**Assignment**.
Across the whole listing, return each line exactly, with no images included.

**Information supplied**.
********

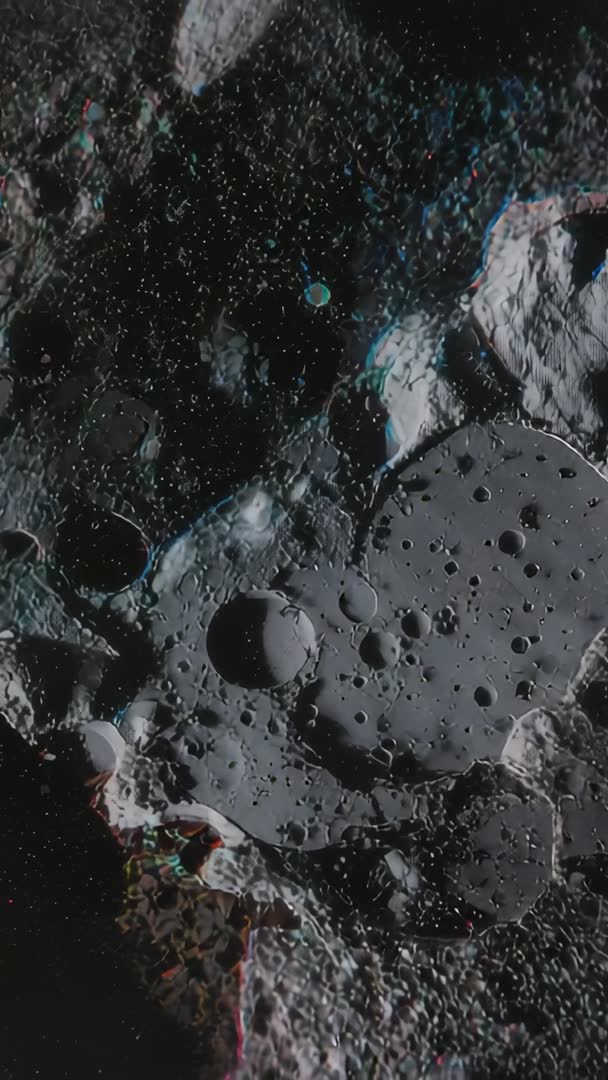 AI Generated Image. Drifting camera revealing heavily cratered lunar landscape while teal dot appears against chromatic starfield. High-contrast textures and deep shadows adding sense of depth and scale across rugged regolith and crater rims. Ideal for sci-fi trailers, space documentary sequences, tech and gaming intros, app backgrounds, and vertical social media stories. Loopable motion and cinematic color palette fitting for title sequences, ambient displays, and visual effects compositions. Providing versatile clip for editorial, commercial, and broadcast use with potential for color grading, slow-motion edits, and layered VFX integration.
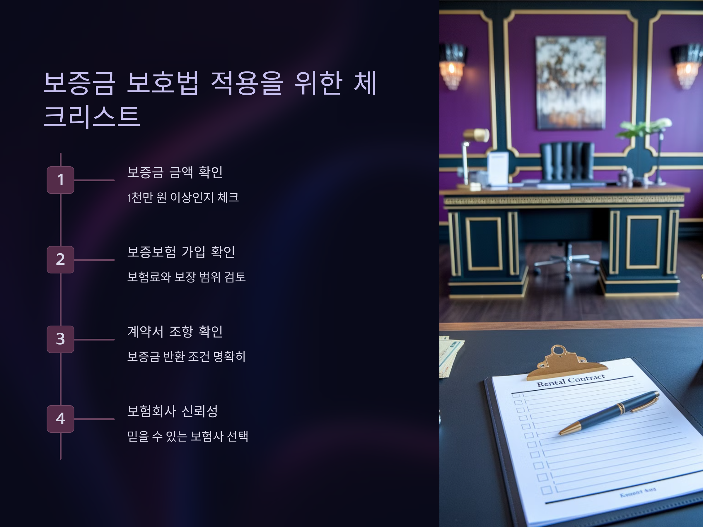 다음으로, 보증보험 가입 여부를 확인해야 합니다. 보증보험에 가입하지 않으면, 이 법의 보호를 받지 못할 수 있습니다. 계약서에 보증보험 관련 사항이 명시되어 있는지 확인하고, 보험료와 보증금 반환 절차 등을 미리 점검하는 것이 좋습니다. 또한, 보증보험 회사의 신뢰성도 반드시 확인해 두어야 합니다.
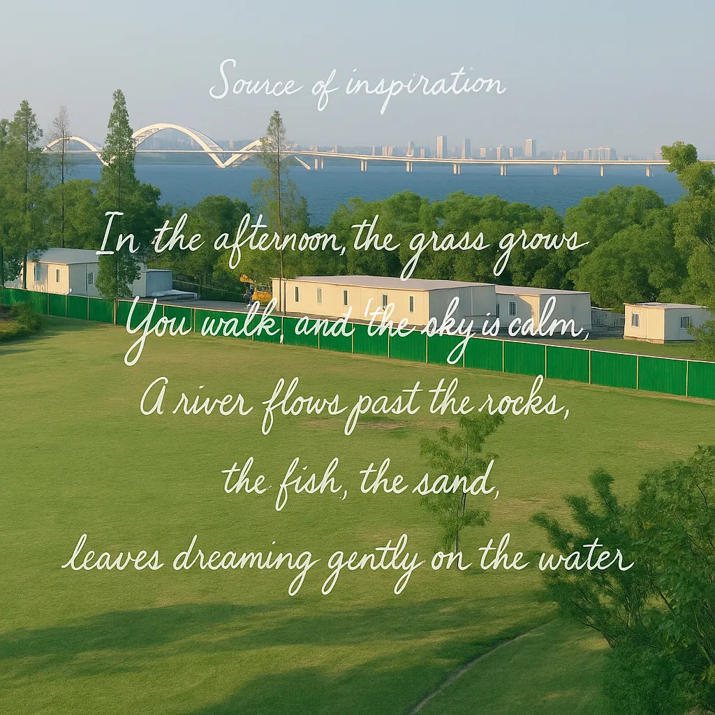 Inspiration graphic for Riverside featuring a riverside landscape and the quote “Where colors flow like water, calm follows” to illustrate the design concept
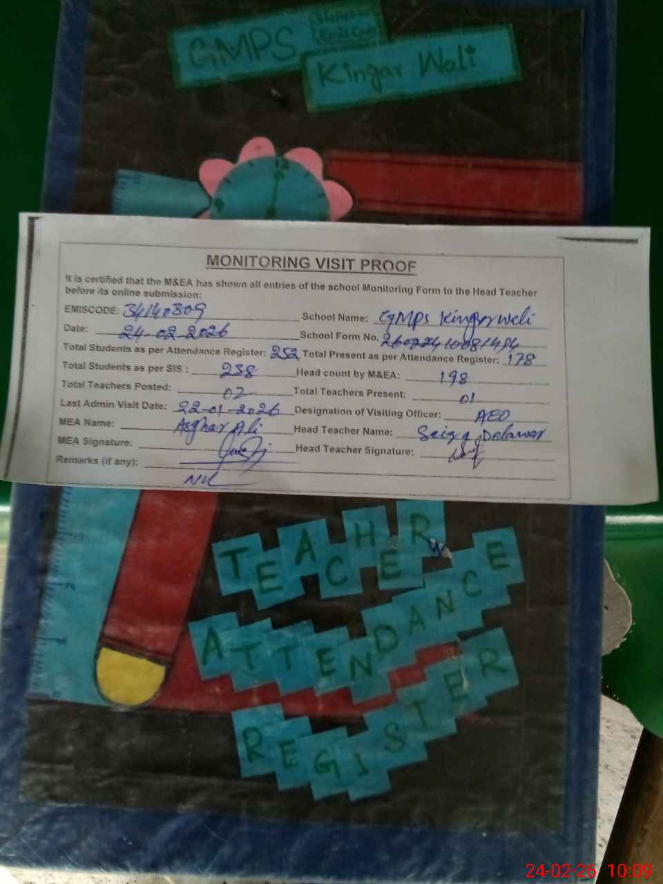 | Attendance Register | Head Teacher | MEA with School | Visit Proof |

********

**Exercise result**.
 AI Generated Image. Drifting camera revealing heavily cratered lunar landscape while teal dot appears against chromatic starfield. High-contrast textures and deep shadows adding sense of depth and scale across rugged regolith and crater rims. Ideal for sci-fi trailers, space documentary sequences, tech and gaming intros, app backgrounds, and vertical social media stories. Loopable motion and cinematic color palette fitting for title sequences, ambient displays, and visual effects compositions. Providing versatile clip for editorial, commercial, and broadcast use with potential for color grading, slow-motion edits, and layered VFX integration.
 다음으로, 보증보험 가입 여부를 확인해야 합니다. 보증보험에 가입하지 않으면, 이 법의 보호를 받지 못할 수 있습니다. 계약서에 보증보험 관련 사항이 명시되어 있는지 확인하고, 보험료와 보증금 반환 절차 등을 미리 점검하는 것이 좋습니다. 또한, 보증보험 회사의 신뢰성도 반드시 확인해 두어야 합니다.
 Inspiration graphic for Riverside featuring a riverside landscape and the quote “Where colors flow like water, calm follows” to illustrate the design concept
 | Attendance Register | Head Teacher | MEA with School | Visit Proof |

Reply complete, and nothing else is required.